25, 50 and 75 years ago
 
September 17, 1982
NORTHERN ZELAYA PROVINCE, Nicaragua—A small wooden cross marks the spot where Donald Espinoza was gunned down.

Espinoza, a member of the Sandinista Defense Committee and an employee of the Ministry of Construction Heavy Equipment Depot near the remote village of Rio Iyás, is the most recent victim of U.S. imperialism’s undeclared war against Nicaragua.

Seventy counterrevolutionaries, part of the army Washington is using to turn this area into a battlefield against the Nicaraguan revolution, had entered the depot with powerful explosives.

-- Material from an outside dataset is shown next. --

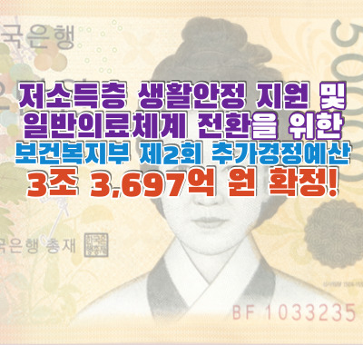 저소득층 생활안정 지원 및 일반의료체계 전환을 위한 보건복지부 제2회 추가경정예산 3조 3,697억 원 확정

A mammoth engineering and construction project was Washington’s target here.  
 
September 16, 1957
A civil rights leader in Birmingham, Alabama was the victim of a brutal racist attack when he attempted to escort four Negro children into Phillips High School September 9. They sought to test segregation in the state’s public school system. Rev. F. L. Shuttlesworth was severely beaten by a white gang wielding brass knuckles, chains and clubs, as he alighted from the car in which he had brought the children to the school entrance.

The previous week a Negro, Judge Aaron, had been brutally tortured and castrated by Ku Klux Klansmen who told their victim to warn Rev. Shuttlesworth that “the same thing will happen to Negros who try to enroll their children in white schools.” Three of the Klansmen were arrested and two confessed to this crime.  
 
September 17, 1932
The fourth winter of crisis is at hand. The fourth winter of hunger and starvation for millions of unemployed.

While the press speaks of an upturn the bosses are giving the workers an introduction to the fourth winter by a new wave of wage cuts in the basic industries.

The operators and “union leaders” of the anthracite region met in New York to discuss a 20 to 25 percent wage cut. The railroads were so successful in their “United Front” in the last 10 percent wage cut that they want to increase it by another 20 percent cut. The ship owners insist that a big wage cut is necessary if they are going to compete with other shipping lines.